We developed a novel algorithm with the aim of combining the optimal time window and filter bank with the DGFMDRM method (TWFB + DGFMDRM). The algorithm framework is shown in Table 3.

Table 3 The steps performed by our algorithm for TWFB + DGFMDM.

The MI EEG data of each subject were divided into two sets: training data (60%) and test data (40%). To better detect differences in results, a 10-fold cross validation method was adopted45, which is shown in Fig. 5. The Table 4  mainly included the overall recognition accuracy of each subject and average accuracy of each of the four decoding methods, the kappa coefficient, which is a measure of classification consistency46, and the  precision and sensitivity are measures of the robustness of decoding methods. To analyse the influence of the proposed method on the detection of each type of MI from EEG data, we generated a confusion matrix consisting of the recognition results of each class for all subjects.

Fig. 5
figure 5

Process used to validate the findings.

Figure 6 shows the corresponding classification accuracy results of all subjects under the four classification models. The average decoding accuracy of CSP + LDA, FBCSP + SVM, TSLDA + DGFMDRM and TWFB + DGFMDM were respectively 55.57%, 57.57%, 61.20% and 72.21%. The classification performance using this dataset also showed some differences from other common algorithms, which indicates that this dataset is reliable. As shown in Fig. 7, the horizontal axis of the confusion matrix represents the MI category (left- or right-hand movements) predicted by the recognition method, the vertical axis represents the actual MI category, the diagonal element represents the total numbers of correct classification of each MI category, and the nondiagonal element represent the total numbers of incorrect classification of each MI category.

Fig. 6
figure 6

Classification accuracy in 50 subjects when using four decoding methods. (a) Subject 1–25. (b) Subject 26–50.

Fig. 7
figure 7

Confusion matrices of motor imagery EEG classes for the four decoding methods. (a) CSP + LDA, (b) FBCSP + SVM, (c) TSLDA + DGFMDM, and (d) TWFB + DGFMDM.

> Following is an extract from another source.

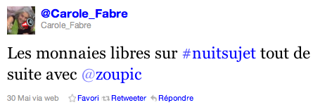 Economie et pirateries… il est déjà 22h00. Zoupic prend une grande respiration et se lance sur le thème “monnaies libres, libres des monnaies”. Comment augmenter le partage et la répartition des richesses ? Après un retour sur l’histoire des monnaies, on passe en revue les alternatives :  le bekshare à San Fransisco, la luciole, le Sol violette, le WIR, etc. Et sur le net, les bitcoins, ripple et autres superfluid. Avant le brainstorm, Jean-Marc Manach nous régale d’une chronique sur les hackers et la DST.

Table 4 The average classification accuracy of the four models.

Usage Notes

Users need to be noted the following points when working with this dataset. First, it is challenging for acute stroke patients to maintain a sitting position and perform the MI paradigm, especially for some older patients. Thus, we used a task including only 20 trials per patient, and some motion artefacts were included in a part of the data (such as subjects 4, 5, 13, 14, 18, 24, 28, 33, 42, 43, 47, 48 and 49). Second, eyes-open and eyes-closed EEG data were not recorded. Final, this EEG dataset might have non-stationarity and feature covariance shift, which could refer to the study of Aleksandar, M. et al.47 and Haider, R. et al.48 to improve the classification performance.